Стандартная классификация ничего не привносит в теоретические рассуждения. Как только психологи на самом деле выделяют какое-либо особое психическое явление, опираясь не на привычные, заимствованные из житейской практики представления, а на теоретическое осмысление эмпирических данных – будь то вытеснение по Фрейду, дифференциация фигуры и фона у гештальтистов, установка, конформизм, когнитивный диссонанс, да хоть павловский условный рефлекс – так сразу выясняется: любое из этих явлений находит выражение во всем диапазоне психического. Принятая классификация психических процессов противоречит принципу простоты, а потому эвристический потенциал такого членения весьма сомнителен (см. подробнее 2, с.157-168).
Методологическая установка принципа простоты предполагает также отказ от конструирования монстров – гипотез о специальных причинах, созданных природой исключительно для возникновения помехи. Рассмотрим примеры таких монстров в психологии.

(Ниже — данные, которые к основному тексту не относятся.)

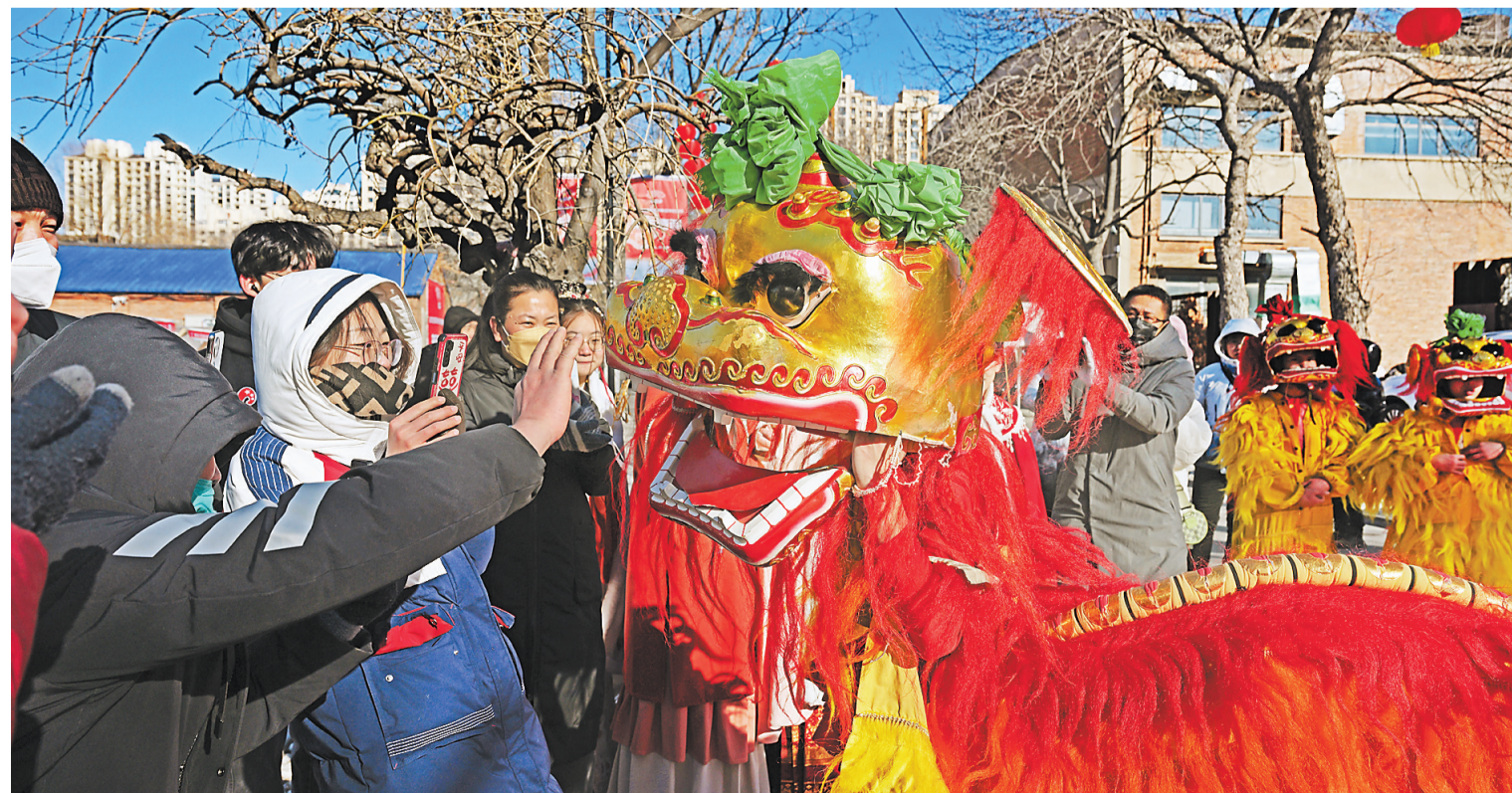
1月24日,沧县刘吉舞狮团队员们在演出现场与观众互动。

Почему человек забывает информацию? Зачастую всё объясняется существованием сугубо гипотетических ненаблюдаемых физиологических процессов, якобы с неизбежностью ведущих к забыванию. Так, например, вводится представление о самоисчезающем следе памяти. И, тем самым, постулируется существование специального физиологического механизма, предназначенного исключительно для уничтожения записей в памяти. Никто никогда этих следов не видел и не регистрировал их исчезновения. Вот это и есть монстр – гипотеза о механизме, созданном исключительно для того, чтобы ухудшать положение дел. Монстрами являются ничем не обоснованные гипотезы типа хранения информации в самоисчезающей реверберации (циркуляции) импульсной активности по замкнутым нейронным цепям. И эти гипотезы сохраняются, продолжают излагаться в учебниках, несмотря на то, что «на основании фактов участие реверберационных процессов в механизмах памяти многими авторами полностью отрицается. Экспериментальные данные в пользу такого механизма памяти пока (курсив наш – А.К.Ш.) отсутствуют» (8, с.156). Самое поразительное, огромное число психологов, физиологов и психиатров (среди них – Г. Эббингауз, С.С. Корсаков, З. Фрейд, А.Н. Леонтьев, У. Пенфилд, Е.Н. Соколов) утверждают: в памяти хранится вся когда-либо поступившая информация, да ещё с отметкой о времени ее поступления! И одновременно постулируется существование самоисчезающего следа! В итоге, чтобы согласовать сделанное невероятное предположение с фактами, с очевидностью ему противоречащими, приходится вводить все новые и новые допущения (см. подробнее 2, с.95-100).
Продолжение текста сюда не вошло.